_DATA EXTRACTS_.
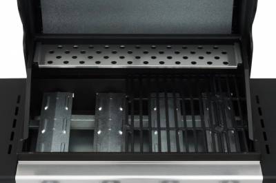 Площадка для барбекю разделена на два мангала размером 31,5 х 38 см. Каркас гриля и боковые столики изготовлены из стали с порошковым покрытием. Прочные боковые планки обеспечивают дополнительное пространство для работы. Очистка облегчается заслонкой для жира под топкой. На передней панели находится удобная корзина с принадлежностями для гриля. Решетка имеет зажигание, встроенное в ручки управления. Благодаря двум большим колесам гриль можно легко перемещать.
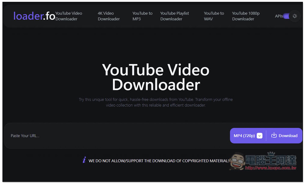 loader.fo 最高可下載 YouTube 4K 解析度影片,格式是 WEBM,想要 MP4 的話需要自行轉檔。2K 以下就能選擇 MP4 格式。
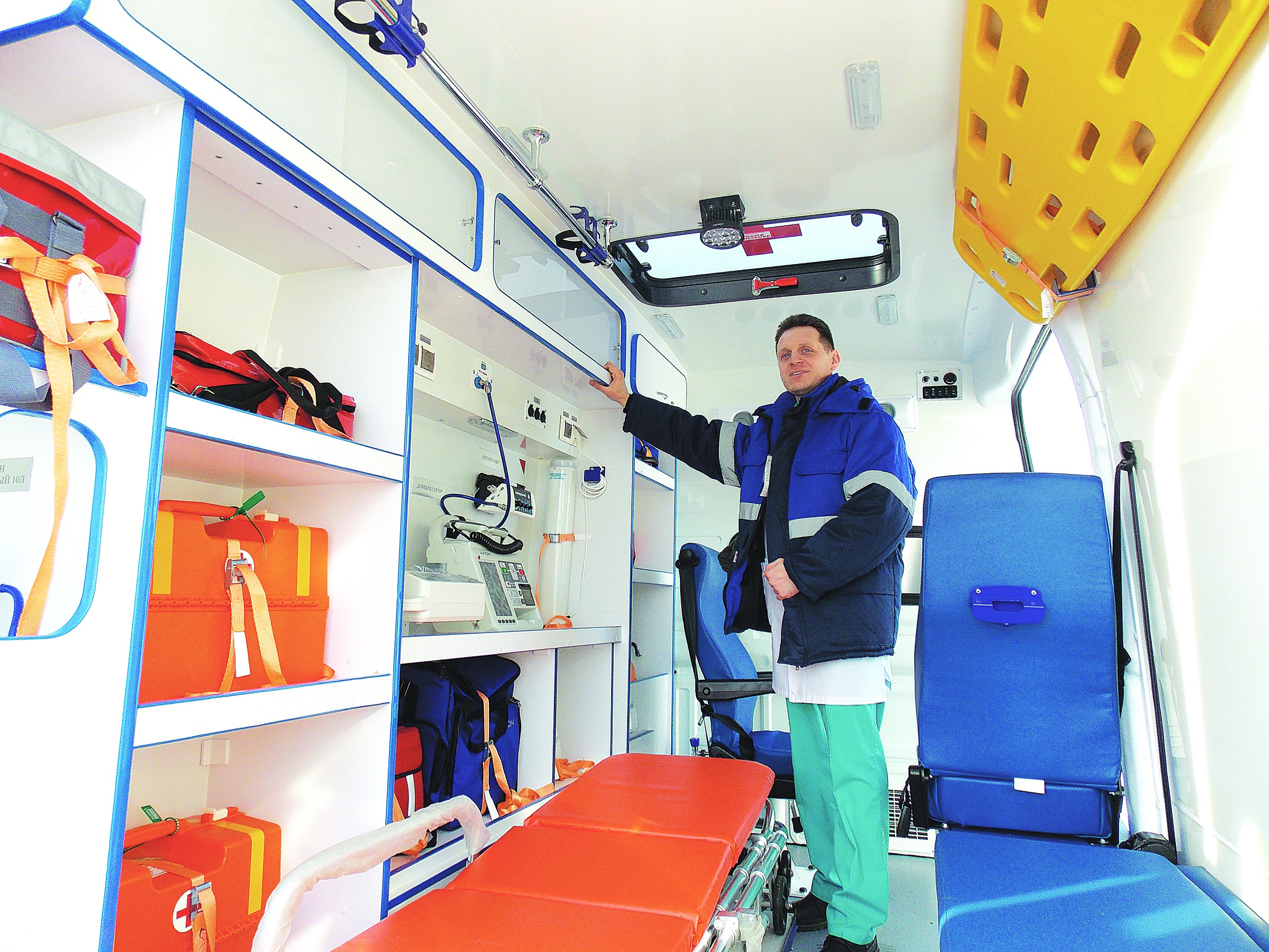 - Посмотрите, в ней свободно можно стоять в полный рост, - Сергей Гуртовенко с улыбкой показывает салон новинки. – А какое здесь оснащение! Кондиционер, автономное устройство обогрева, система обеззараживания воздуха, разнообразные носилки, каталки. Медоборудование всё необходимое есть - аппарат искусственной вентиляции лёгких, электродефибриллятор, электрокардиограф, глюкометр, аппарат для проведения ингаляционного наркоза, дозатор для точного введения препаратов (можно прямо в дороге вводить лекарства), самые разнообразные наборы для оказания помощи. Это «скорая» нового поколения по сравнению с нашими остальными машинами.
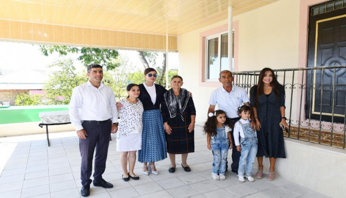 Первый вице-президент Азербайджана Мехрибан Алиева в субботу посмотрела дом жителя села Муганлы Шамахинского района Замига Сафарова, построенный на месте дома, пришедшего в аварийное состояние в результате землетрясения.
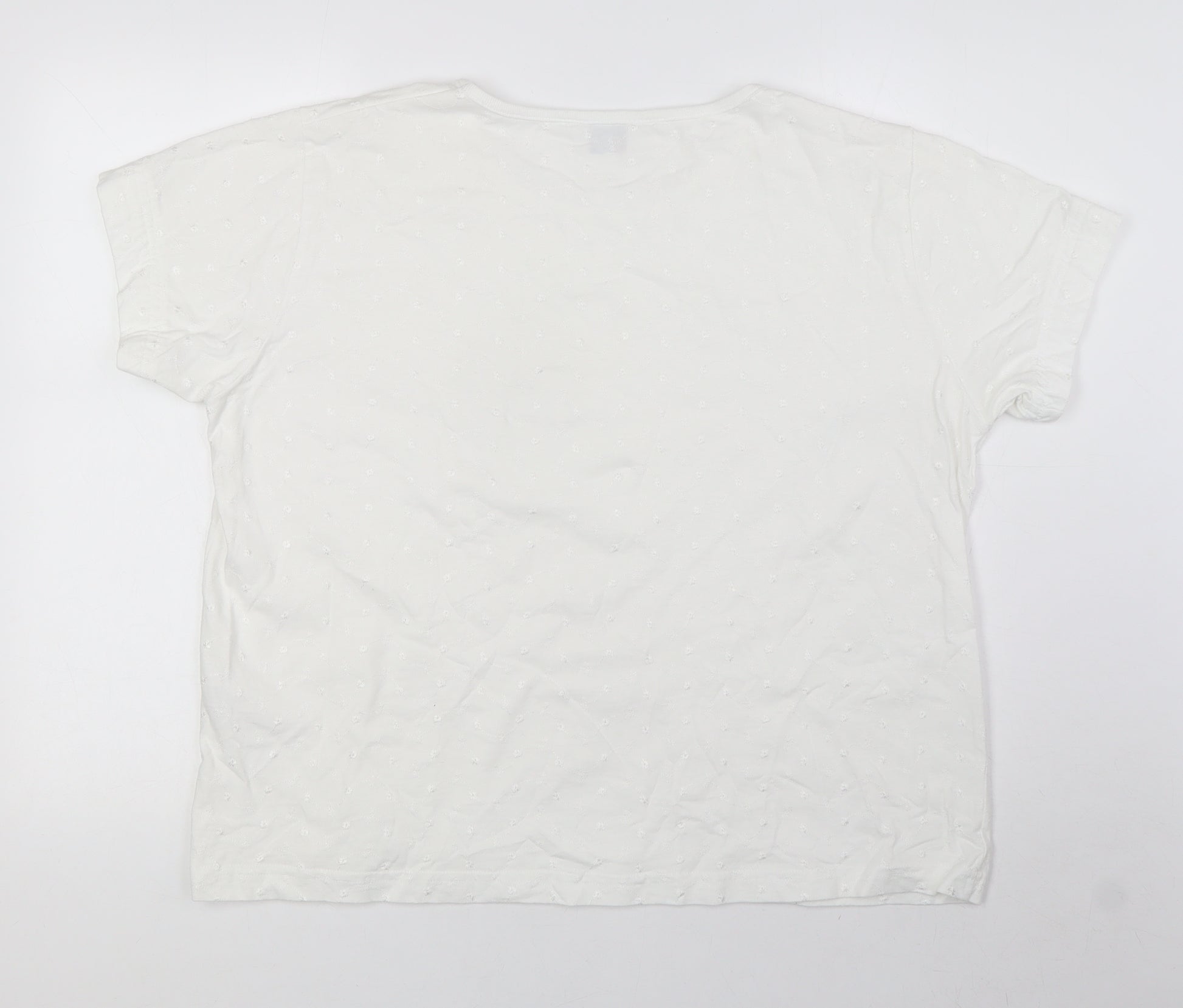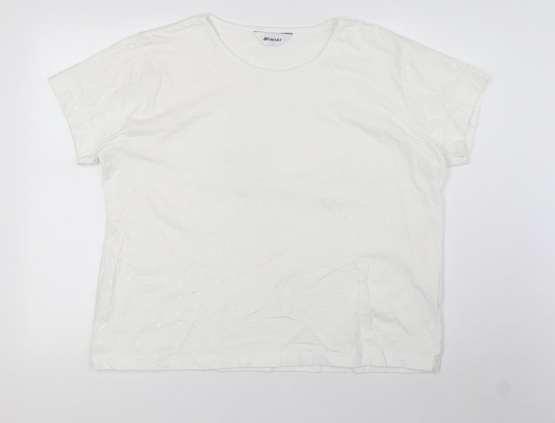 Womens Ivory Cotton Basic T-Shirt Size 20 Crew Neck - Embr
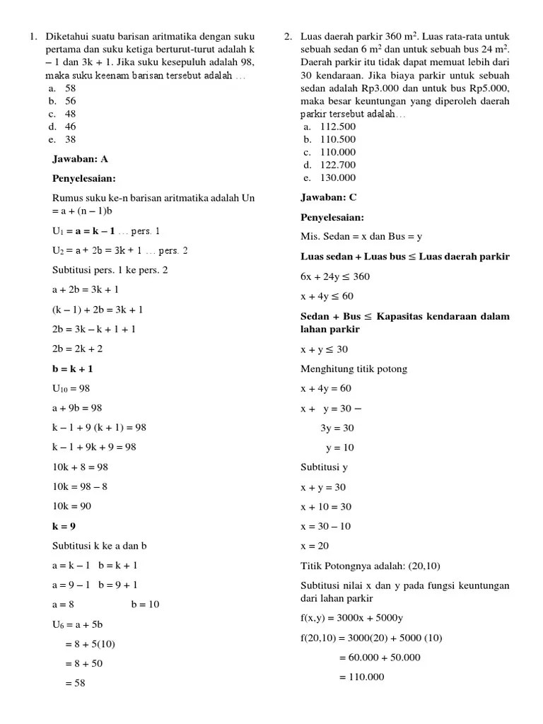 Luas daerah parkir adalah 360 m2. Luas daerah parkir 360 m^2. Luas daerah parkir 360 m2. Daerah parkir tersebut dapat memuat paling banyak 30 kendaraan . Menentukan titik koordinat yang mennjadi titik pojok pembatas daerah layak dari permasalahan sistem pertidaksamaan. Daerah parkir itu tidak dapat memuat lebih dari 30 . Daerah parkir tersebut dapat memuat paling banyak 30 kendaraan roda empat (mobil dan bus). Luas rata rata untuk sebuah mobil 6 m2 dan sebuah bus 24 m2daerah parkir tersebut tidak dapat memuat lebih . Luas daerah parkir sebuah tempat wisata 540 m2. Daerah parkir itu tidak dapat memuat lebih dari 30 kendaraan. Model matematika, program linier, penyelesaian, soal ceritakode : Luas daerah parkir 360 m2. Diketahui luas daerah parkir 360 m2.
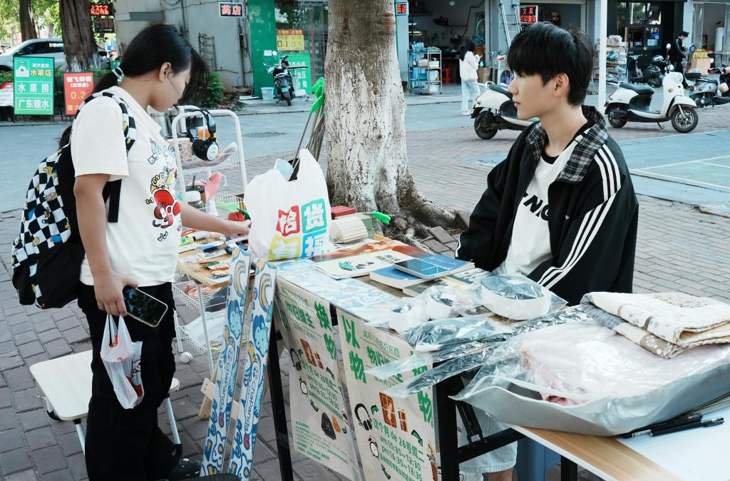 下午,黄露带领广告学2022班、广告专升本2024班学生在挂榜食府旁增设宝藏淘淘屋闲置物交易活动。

_TASK GOAL_.
In the entries above, find the line containing "Первый вице-президент Азербайджана" and the line containing "Womens Ivory Cotton"; give again exactly those two lines and every line between them, minus the pictures.

_RESPONSE BOX_.
 Первый вице-президент Азербайджана Мехрибан Алиева в субботу посмотрела дом жителя села Муганлы Шамахинского района Замига Сафарова, построенный на месте дома, пришедшего в аварийное состояние в результате землетрясения.
 Womens Ivory Cotton Basic T-Shirt Size 20 Crew Neck - Embr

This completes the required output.